But I wasn’t focused on them. I was looking up through the rain and the pulsing blue lights at the second-floor window. The light behind the blind had gone out. The guy must have heard the sirens approaching. He must have guessed they were coming for him.

“Will you please tell me what’s going on?” Victoria hissed.

I hesitated. The guy from the bar and his companion had moved across to stand by the door. They were paying close attention to events out on the street, but I was pretty sure the noise of the wind and the rain would mask anything I might say.

I watched the police and the ambulance crew hurry inside the building, and then I spoke to Victoria from the corner of my mouth, my voice hushed, eyes fixed on the darkened apartment window.
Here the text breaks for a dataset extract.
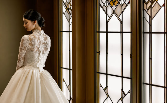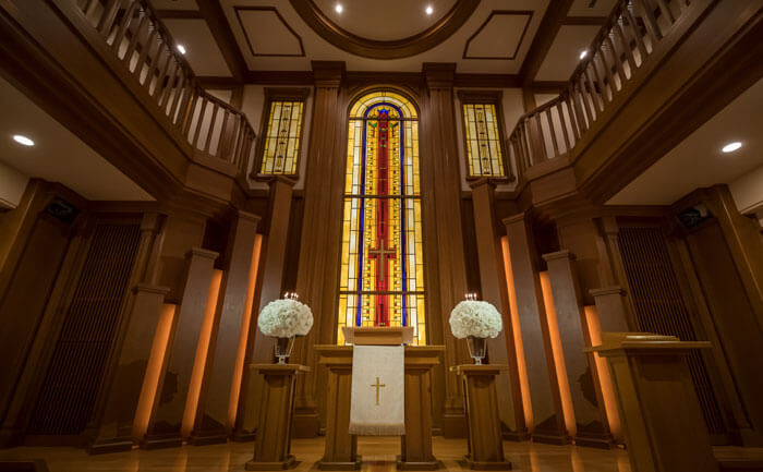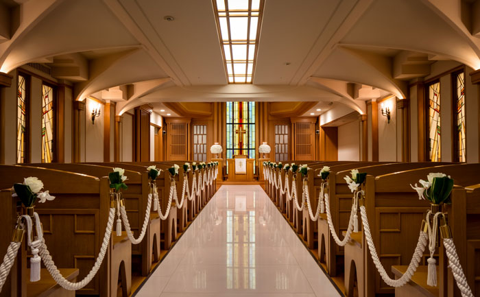荘厳なステンドグラスから射し込む光と、温かな木の温もりを感じるチャペル。白大理石のバージンロードにはステンドグラスが美しく映り込む。日本で初めて夫婦の神様を祀る多賀大社から分祀した神殿での儀式は厳かな雰囲気に包まれる。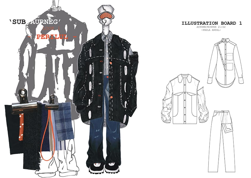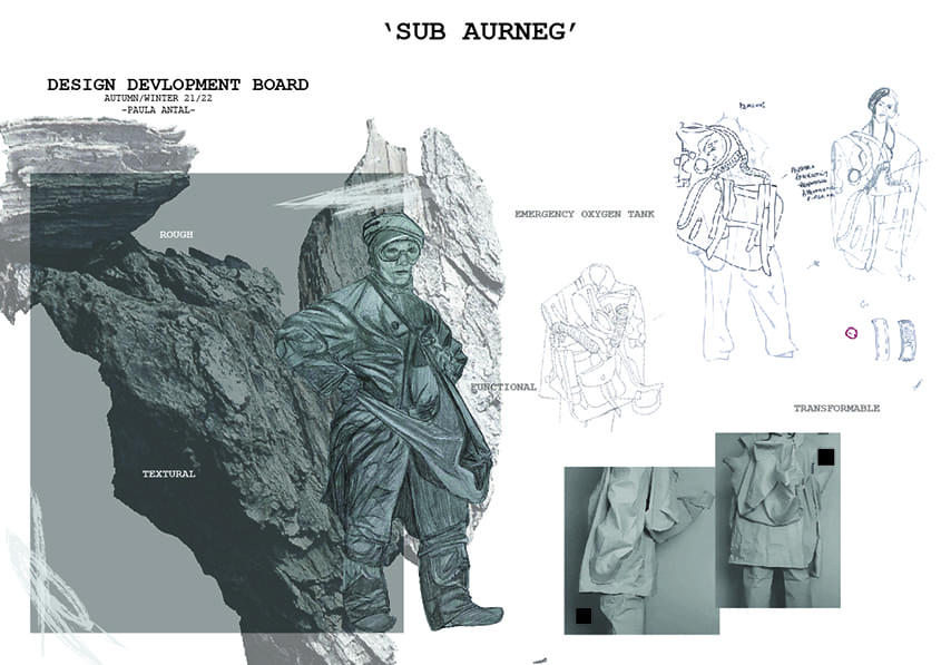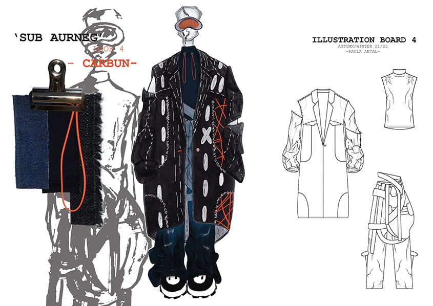 ‘Sub Aurneg’ is a collection visually clear only to those born in a post-communist environment of eastern Europe. Where people were bound within a territory with a poor quality of life and adapting was necessary. As such garments in this collection need to adapt to their environment surrounding the mining ecosystem and the pit itself. The combination of work clothes and denim highlights a much needed versatility. The slouchy aspect is created out of necessity for comfortability and accessibility.

I gave her the short version. It was enough to bring her up to speed.

“My God,” she cried, when I was finished. “Do you really think she’s dead?”

“I don’t know, Vic. I hope not.”

But really, I didn’t believe that she had a chance. How long could it take to strangle a person? Two, maybe three minutes? Perhaps a lot less. The guy had gotten started before I’d even spotted them. And then there was the delay while I made the call. The wait for the emergency services to arrive.

“You did the right thing,” Victoria assured me.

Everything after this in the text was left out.